I am trying to create a alphabetic browse of names (personal and institutional) using range queries that will sort without regard to punctuation or capitalization, but even though the analysis tool in Solr suggests that punctuation in queries should be stripped out correctly, the presence of punctuation in the query still negatively affects the results.
from schema.xml:
<fieldType name="sort" class="solr.TextField" sortMissingLast="true" omitNorms="true">
<analyzer>
<charFilter class="solr.PatternReplaceCharFilterFactory" pattern="-" replacement=" "/>
<charFilter class="solr.PatternReplaceCharFilterFactory" pattern="[\p{Punct}¿¡「」]" replacement=""/>
<charFilter class="solr.PatternReplaceCharFilterFactory" pattern="\s+" replacement=" "/>
<tokenizer class="solr.KeywordTokenizerFactory"/>
<filter class="solr.ICUFoldingFilterFactory"/>
<filter class="solr.LowerCaseFilterFactory" />
<filter class="solr.TrimFilterFactory" />
</analyzer>
</fieldType>
<field name="authorSort" type="sort" indexed="true" stored="true" multiValued="false" required="true"/>
from solrconfig.xml:
<requestHandler name="/authors" class="solr.SearchHandler">
<lst name="defaults">
<str name="defType">lucene</str>
<str name="echoParams">explicit</str>
<str name="fl">*</str>
<str name="df">authorSort</str>
<str name="sort">authorSort asc</str>
<str name="rows">20</str>
<str name="wt">ruby</str>
<str name="indent">true</str>
</lst>
</requestHandler>
My actual queries look like this:
http://myserver/solr/testCore/authors?q=["Search String" TO *]

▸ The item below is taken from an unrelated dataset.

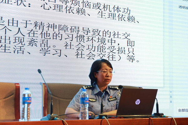 活动首先由赛罕强制戒毒所民警周洪洋、医生肖岩松及北京盈科律师事务所呼和浩特分所律师那木拉分别以《毒品的危害和防范》《毒品对人体的危害》《吸毒和贩毒所触犯的相关法律法规》为题,通过大量丰富的案例事实,向同学们介绍了毒品的种类、危害,吸食毒品的成瘾状态、临床表现以及吸毒贩毒所触犯的相关法律法规等内容,引导师生远离毒品,构筑禁毒的思想与行为防线。

When I search for q=["ACA" TO *]
, my top result is "ACA (Academy of Certified Archivists)", which is good. If I vary the capitalization used in "ACA" my results don't change, which is also good. If I search for the acronym with periods (q=["A.C.A." TO *]
) I don't get the appropriate results at all, and my top hit is "A3 (Musical group)". In this case I suspect that it's sorting on the period rather than dropping it.
According to the analysis tool in Solr, both "ACA" and "A.C.A." should be rendered down to "aca" using the analyzer I've configured. I'm at a loss to explain why these two searches aren't effectively equivalent.
(If it makes any difference, the index-time analysis is effectively useless as my code is doing the same conversion before submitting the data to be indexed. There are reasons for that. So it's only the query-time analysis that is giving me grief.)
Edit: Here's a screenshot of how my analysis of "A.C.A." as a query should be working (according to the Solr analysis tool).
Added about four months later:
Since posting the question and not finding a resolution, I have switched to using a custom filter factory for the analysis. This gave me control over the analysis that would have been difficult or impossible given the provided filters. My first attempt had the same problem - the analysis worked in regular search but wasn't applied in range queries. This problem was resolved by adding
implements MultiTermAwareComponent
to my filter factory and overridinggetMultiTermComponent()
. I have no idea what this does for a field which is using theKeywordTokenizer
and therefore never has multiple terms in a field value... but it did fix the problem. This was for Solr 4.2.